Both of Boston’s wins came in overtime, and the Celtics, thanks to a Gerald Henderson steal in Game 2, were fortunate the Lakers didn’t grab a 3-0 series lead. Boston regrouped, and Larry Bird admitted he needed to change things up against the intense defensive pressure applied by Lakers guard Michael Cooper.

Larry Bird riled up his Boston Celtics teammates after a Game 3 embarrassment

The Lakers immediately took control of the 1984 NBA Finals by stealing homecourt advantage from the Celtics in Game 1. Led by Kareem Abdul-Jabbar’s 32 points, the visiting Lakers pulled out a 115-109 victory in Game 1. They nearly did the same in Game 2.

LA held a two-point lead and had possession of the ball with 18 seconds left in the second game of the series. Lakers forward James Worthy lofted a cross-court pass intended for Byron Scott that was intercepted by Henderson. Henderson drove in for the game-tying layup with 13 seconds remaining. The Lakers failed to get off a shot the rest of regulation, and Boston escaped with a 124-121 overtime win.

In Game 3 in Los Angeles, the Lakers flat-out dominated. Larry Bird was the lone Celtics starter to show up, finishing with 30 points. Nobody else had more than 10 points in an embarrassing 137-104 win. After the game, Bird blasted his teammates for their soft play.

“Until we get our heads where they belong, we’re in trouble,” Bird said, according to Jackie MacMullan’s book When The Game Was Ours. “We’re a team that plays with heart and soul, and today the heart wasn’t there. I can’t believe a team like this would let LA come out and push us around like they did. We played like sissies.”

Kevin McHale received Bird’s message loud and clear. In Game 4, with his team trailing 76-70, McHale clotheslined Kurt Rambis, who was driving in for a layup. The hard foul prompted both benches to clear and swung momentum in Boston’s favor. The Celtics went on to win in overtime and eventually claim the series in seven games.

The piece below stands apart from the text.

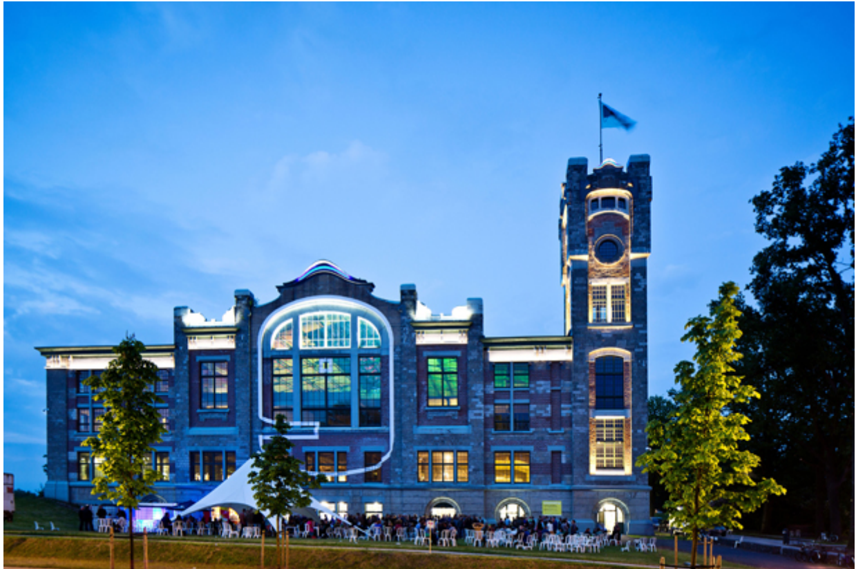
Venue of Manifesta 9, the former coal mine of Waterschei, Genk.

Bird knew he had to make some changes in Game 5 against Michael Cooper

Although Bird had a strong game in that Game 3 blowout loss, he struggled with his shooting in the other three games against Cooper, a defender who Bird said was the only one who could really shut him down. In Games 1, 2, and 4, Bird went 24-for-63 from the floor. He knew he had to find a way to capitalize on his advantages over Cooper, and he knew the Celtics had to want it more than the Lakers.

“We had to come out and be tougher than the Lakers — prove to them we wanted it more,” Bird wrote in his book, Drive: The Story of My Life. “For three-and-a-half games, that wasn’t the case. We never did shoot well in that series. We wound up winning despite shooting something like 40 percent from the floor. Some people called it ‘1950s basketball.’

“We were a good rebounding team anyway. We just had to turn it up a notch. I also realized that if I was going to get the job done against Michael Cooper, I’d have to play a more physical inside game and take more advantage of my two advantages over him — size and strength.”

In Game 5, Bird made 15 of 20 shots from the floor and went for 34 points in a convincing 121-103 victory. After losing Game 6 in LA (Bird went 8-for-11 for 28 points), the Celtics sealed the deal with a 111-102 win at home in Game 7.

“What changed that series was our physical play and our offensive rebounding,” Bird wrote. “We seemed to be getting all the loose balls and all the garbage points inside. We were all making that extra effort. The series was won in the trenches.

“I took Cooper inside so much I wound up making more free throws than field goals in six of the seven games. That ordinarily doesn’t happen more than about six times during a whole 82-game regular season.”